To emphasize the visual dimension of curating the show is not to concede that ‘Alfred Drury and the New Sculpture’ lacked an art-historical argument or an academic rationale. It did have a thesis, and a straightforwardly coherent one: that Drury was due a reappraisal because his art was completely characteristic of the New Sculpture due to his closeness to Dalou and his devotion to Alfred Stevens (whose drawings he collected). The late nineteenth-century revival of British sculpture that Edmund Gosse named the ‘New Sculpture’ began, according to this critic’s series of articles in the Art Journal in 1894, when Lord Leighton exhibited Athlete Wrestling with a Python at the Royal Academy in 1877, and culminated in the works of William Hamo Thornycroft and Alfred Gilbert. By contrast, Gosse saw Drury as ‘a mannered Kensington student, somewhat under the influence of Dalou’.9 In response, the principal wall text in the exhibition argued that
Drury was one of the key figures in the New Sculpture movement because he combined in his art the French realism of Aimé-Jules Dalou, with whom he had a long professional relationship, and the Michelangelo-esque vision of Alfred Stevens. Dalou and Stevens were seen as the most important influences in the reform of British sculpture by a slightly later generation of critics to Edmund Gosse, including Marion Spielmann and Alfred Lys Baldry.10
Exhibitions, however, always pose problems when judged as art history, notably because the works of art available to display may achieve a prominence that exceeds their art-historical significance.11 Arguably, the one work in the photograph of Drury’s studio display that most tellingly asserts his allegiance with the New Sculpture is the Prophetess of Fate, exhibited at the Royal Academy in 1900, for which the opera singer Lillian Nordica posed, but which is now lost. For example, there are clear resemblances between this work and George Frampton’s Lamia of 1899–1900, although, as Susan Beattie points out, it ‘lacks the threatening, highly charged quality of Lamia’ (p. 174). Clearly, a missing work cannot be displayed, but, equally, concerns about conservation and transport, budget constraints, or simple unavailability can exclude a key work. Environmental concerns, for example, excluded the drawings by Alfred Stevens owned by Drury from the Studio 3 Gallery version of the exhibition, and instead a separate display was curated at Canterbury’s Beaney House of Art & Knowledge by Krystyna Matyjaskiewicz. It was, however, possible to include a selection of Stevens’s drawings at Leeds, where they joined Dalou, Rodin, and Leighton in the supportive cast of ‘influences’.

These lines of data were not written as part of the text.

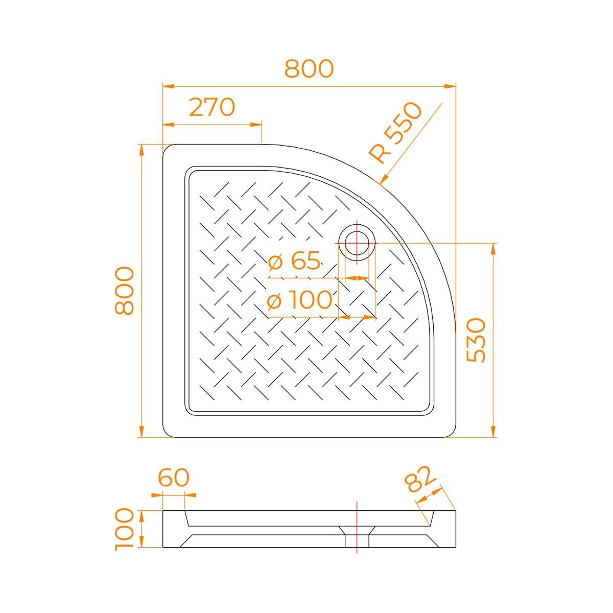 Душевые поддоны четверть круга
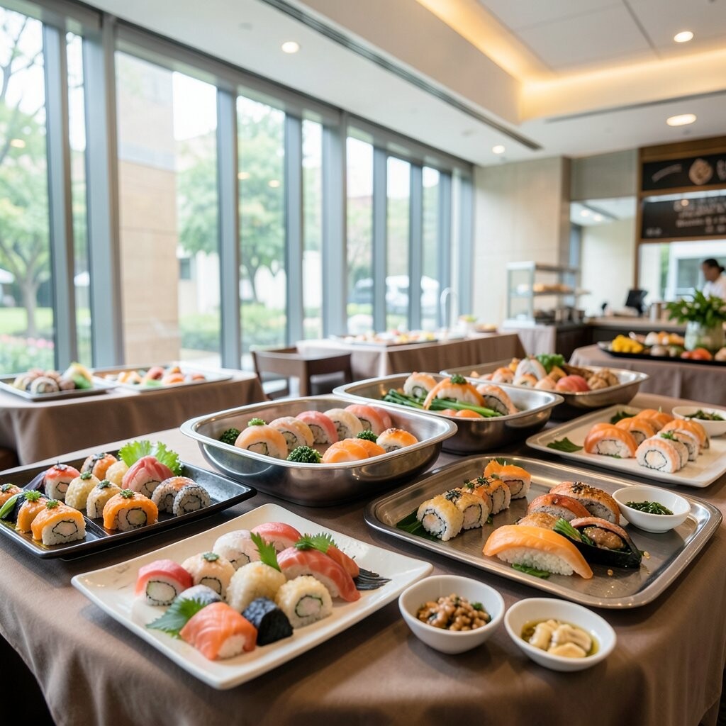 A sushi buffet brings elegance and flair. Think of rolls, sashimi, and nigiri, all beautifully presented. This idea is perfect for adding a touch of sophistication.
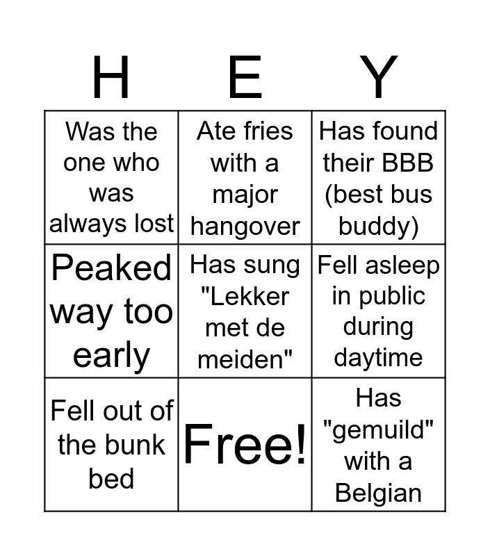 This bingo card has 9 words: Fell out of the bunk bed, Has found their BBB (best bus buddy), Ate fries with a major hangover, Peaked way too early, Was the one who was always lost, Fell asleep in public during daytime, Has sung "Lekker met de meiden", Has "gemuild" with a Belgian and Free!.
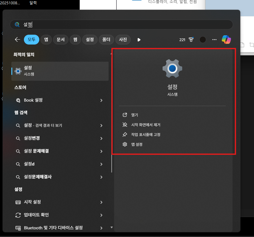 윈도 시작줄에서 설정을 검색해서 들어가 주세요.
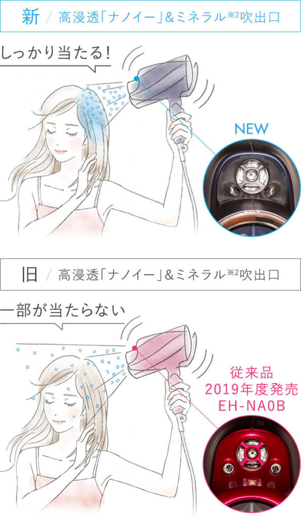 EH-NA0Eではミネラルの吹き出し口の形状が進化したので、高浸透ナノイー&ミネラル風を今までよりも髪に届けやすくなりました。
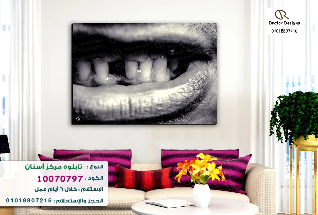تابلوه يظهر منظرًا مقربًا لفم وأسنان بالأبيض والأسود، مع التركيز على تفاصيل الأسنان واللثة. تُبرز هذه الصورة الجانب الواقعي للأسنان، وربما تشير إلى الحاجة للرعاية والاهتمام بالصحي بالفم. اللوحة معلقة فوق أريكة بلون فاتح، مزينة بوسائد مخططة باللونين الأحمر والأرجواني، مما يضفي لمسة من الأناقة والتباين اللوني. هذا التابلوه مناسب لمراكز الأسنان التي ترغب في إظهار الواقعية والاحترافية في مجال طب الأسنان.
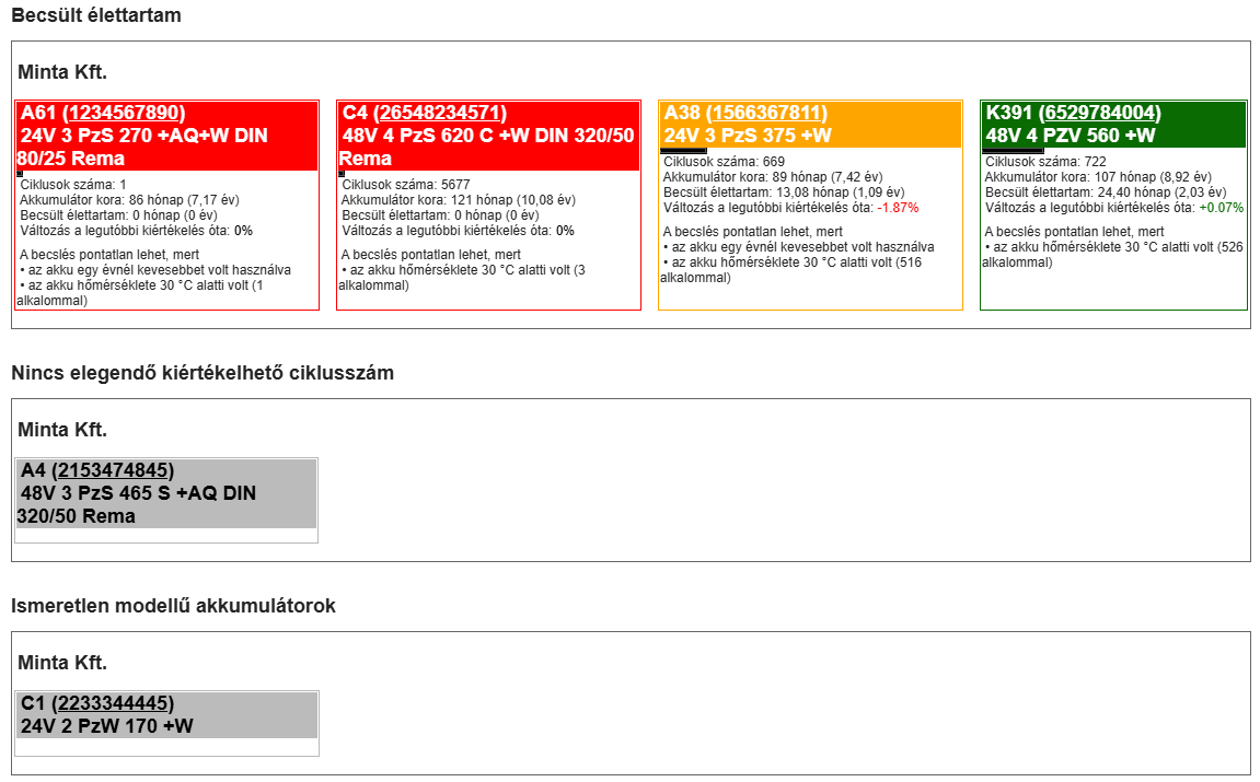 Csak az érvényes szerződéshez tartozó telephelyeken található, PzV vagy PzS akkumulátorok adatai kerülnek kiértékelésre, amiknek már volt ciklusuk. Más modell esetén az "Ismeretlen modellű akkumulátorok" című táblázatban, ciklus nélkül pedig a "Nincs
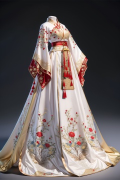 hanfu,best quality,masterpiece,colorful,dynamic angle,highest detailed,yellow white dress,(clean background:1.3),v-neck,red,fishtail skirt,
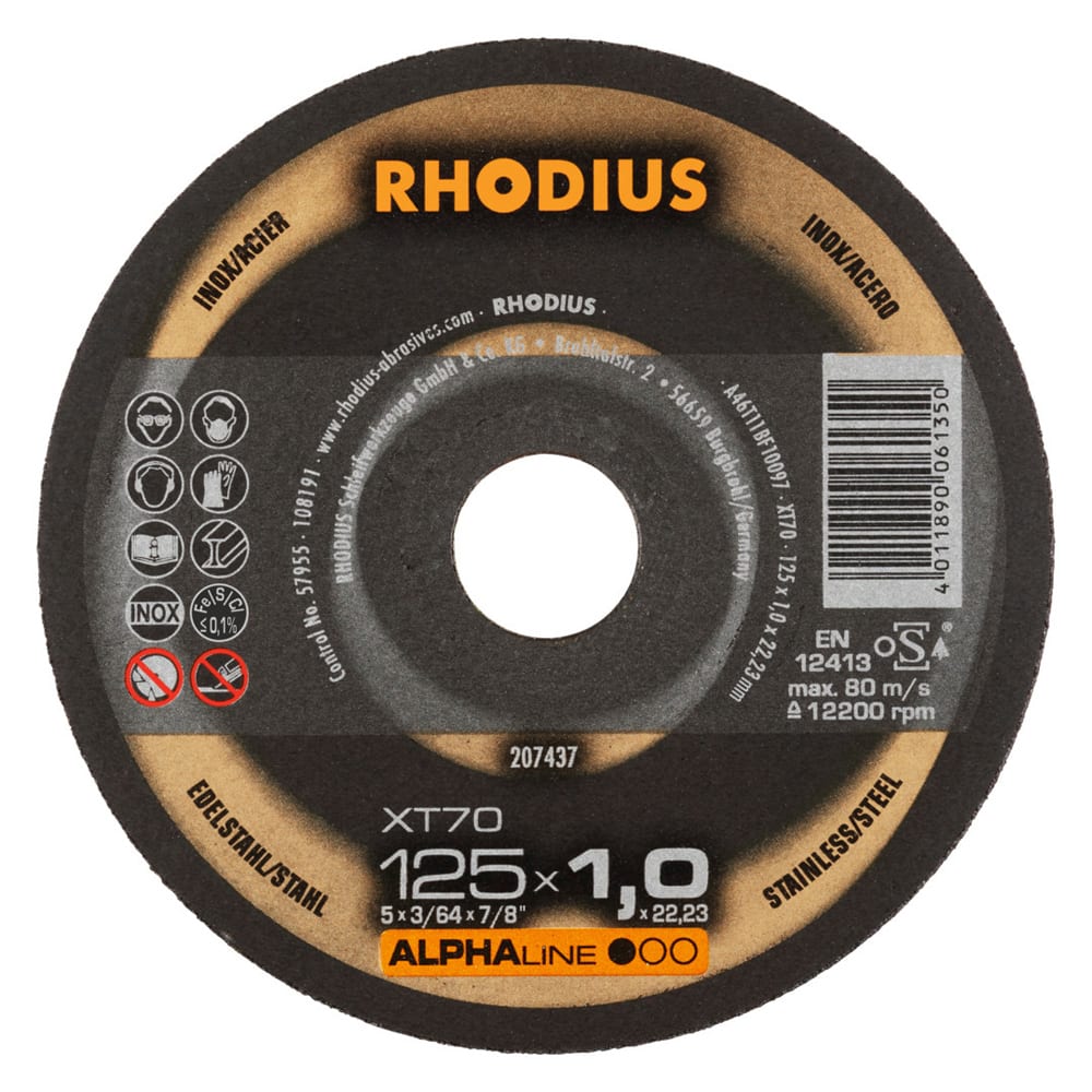 Die Trennscheibe enthält hochwertiges Korund (Aluminiumoxid) und 2 vollflächige Glasfasergewebe. Die Mindestseitenlast für die Trennscheibe beträgt nach EN 12413 und oSa 40 N, bzw. ab Durchmesser 150 mm 50 N. Im Bohrungsring ist das Verfallsdatum (drei Jahre) eingeprägt. Durch aufwendige In-Prozess-Kontrollen in der Produktion wird eine gleichbleibende Qualität gewährleistet. Um ein Maximum an Sicherheit zu bieten, wird jede tausendste Scheibe zerstörend getestet.
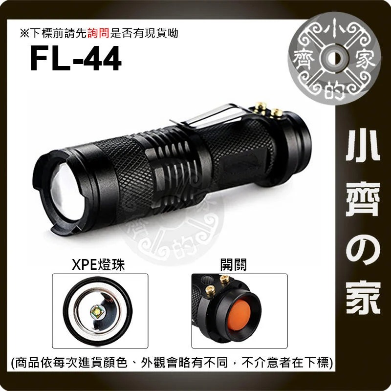 3號電池 高亮度 XPE 迷你LED手電筒 伸縮變焦 迷你手電筒 防身 照明燈 FL-44 小齊的家

It can be argued, therefore, that while exhibitions can be definite in stating a clear visual proposition — in this case about Alfred Drury’s role in the New Sculpture — they can never be definitive. Indeed, there were significant differences between the two versions of the exhibition in Canterbury and Leeds, both in content and display, with the Leeds version drawing on additional loans from a local collector. While the exhibition had been conceived for Canterbury, the very presence of major works by Drury in Leeds — Circe in Leeds City Museum, and the statue of Joseph Priestley, and the pairs of nude lamp standards Morn and Even, in City Square (1903) — made Leeds a more resonant context for Drury’s art, and consequently a more authoritative version of the exhibition. Similarly, the exhibition catalogue, although it carried contributions by leading scholars of nineteenth-century sculpture, and brought to light many new archival discoveries from a campaign of research funded by the Mellon Centre for British Art, can be no substitute for a catalogue raisonné of Drury’s oeuvre.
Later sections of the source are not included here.